Analysis: The Tribunal accepted that the assessee had offered a business explanation for the reversal, namely monthly accruals subject to year-end true-up, but found that the explanation was not supported by adequate documentary material before the lower authorities. Since the basis of the reversal and the annual reconciliation required proper verification, the matter could not be finally decided on the existing record.
Conclusion: The issue was restored to the Assessing Officer for verification and fresh adjudication, so the assessee obtained only statistical relief on this ground.
Issue (iii): Whether payments made to MTH were capital expenditure or revenue expenditure, and whether disallowance under section 40A(2)(b) could survive on the footing that the amount was interest.
Analysis: The Tribunal analysed the Master Framework Agreement and the business model and found that MTH rendered transformation and related services, while the capital expenditure on refurbishment and hotel upgrades accrued to the hotel owners or was otherwise embedded in the service arrangement. No capital asset or enduring capital right was acquired by the assessee. It further held that the amount booked as interest was, in substance, consideration for services and assured margin, not interest on borrowed money, so the ad hoc benchmarking exercise under section 40A(2)(b) could not stand.
Conclusion: The Revenue's appeal was dismissed and the deletion of the disallowance was sustained in favour of the assessee.

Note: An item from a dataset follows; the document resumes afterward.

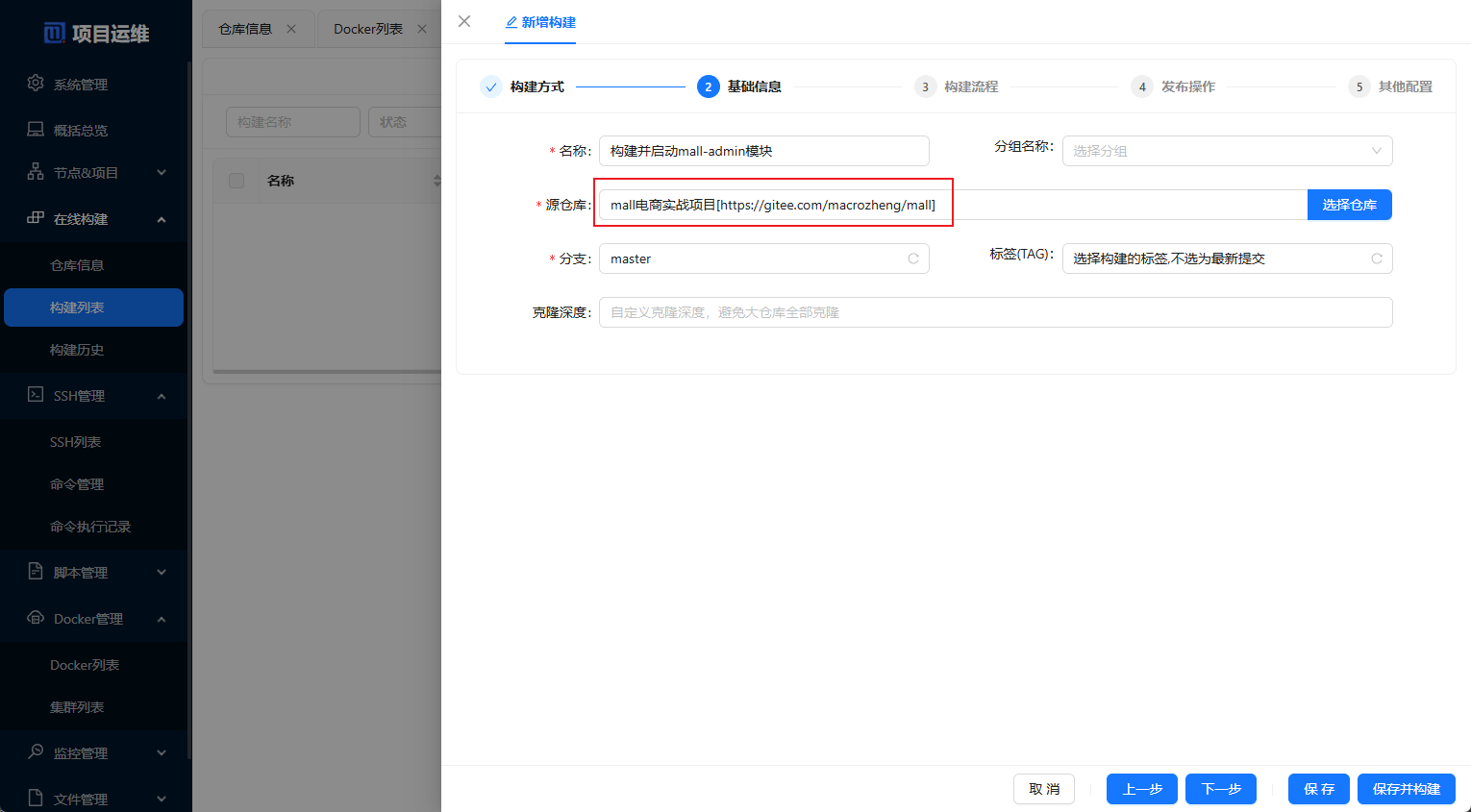 - 接下来配置好需要构建项目的仓库地址,这里使用了mall项目的仓库地址;

Final Conclusion: The assessee succeeded on the principal challenge to the section 56(2)(viib) addition and on the Revenue's challenge to the MTH payment disallowance, while the management fee issue was remanded for factual verification; overall, the assessee's appeal was partly allowed and the Revenue's appeal was dismissed.
Ratio Decidendi: Section 56(2)(viib) is aimed at taxing unexplained share premium and cannot be applied mechanically to a bona fide intra-group issue of CCPS supported by expert valuation unless the Revenue demonstrates a legally sustainable defect in the valuation or a colourable introduction of unaccounted money; likewise, the tax authorities cannot substitute their own valuation method or treat service consideration as capital expenditure merely on nomenclature.